13 Accordingly, it seems to me that, in distinction from Street v Luna Park, there is no realistic possibility of different outcomes as between each of the plaintiffs. There is certainly not, as there was in Street v Luna Park, the circumstance that the defence of the first plaintiff's case increases the complexity of the case and its nature. This is a case in which it can be said that the defendants are no worse off as a result of the joinder of the first plaintiff, and that the costs are not significantly increased by the inclusion of the first plaintiff amongst the plaintiffs. The inclusion of the first plaintiff does not substantially enlarge the case that would have to be run were the second and third plaintiffs the only plaintiffs.
14 It was submitted by Mr Sneddon that, even if the defendants ultimately failed because of the case brought by the third plaintiff, although the first plaintiff failed to make out itself a case on reliance or detriment, that an order for costs would be made against the first plaintiff. Prima facie, I think that a very unlikely outcome, in circumstances where the parties will be commonly represented, and where the inclusion of the additional plaintiffs does not, in substance, expand the case. Ultimately, as Mr D A Priestley submitted, the defendants are not exposed to a situation where, as a matter of real practical probability or likelihood, an order for costs might be made against Funds First alone so that the defendants would be potentially left out of pocket for costs.

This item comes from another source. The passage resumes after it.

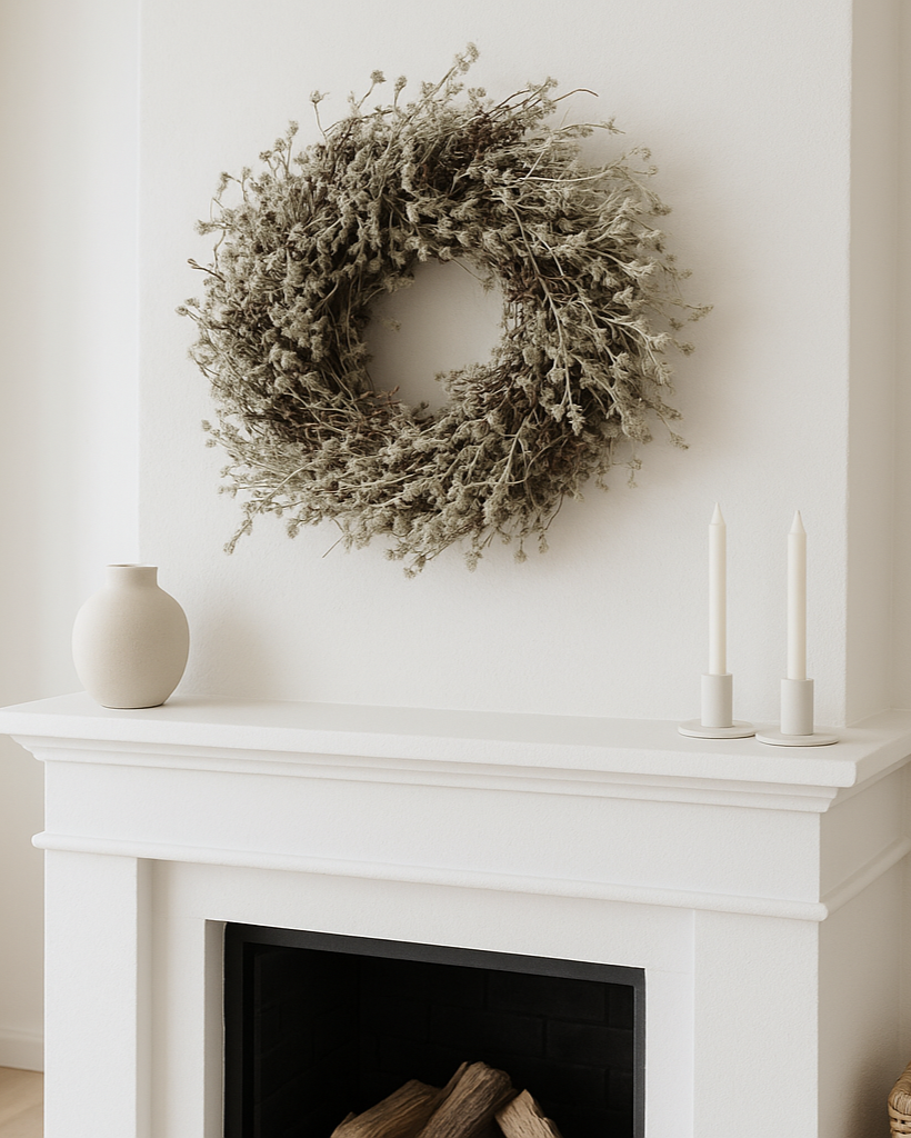 Ob an der Wand, der Tür oder als Tischdeko mit Kerzen – dieser Kranz ist vielseitig einsetzbar und wirkt durch seine natürliche Farbgebung besonders authentisch.

15 Having reached that conclusion, it is unnecessary to determine conclusively the quantum of any order. Mr McPherson's assessment of costs to date and the further costs of the hearing, even if only junior counsel were briefed, at about $80,000, was not challenged. The motion sought an order for $60,000, and that I think would have been an appropriate amount of an order for security, had I been satisfied that an order should be made.
16 However, for the reasons advanced, I decline to make an order for security. I order that the Notice of Motion be dismissed with costs. I confirm the provisional fixture of the matter on 25 March 2008 for one day before the Chief Judge. I order that the exhibits be returned.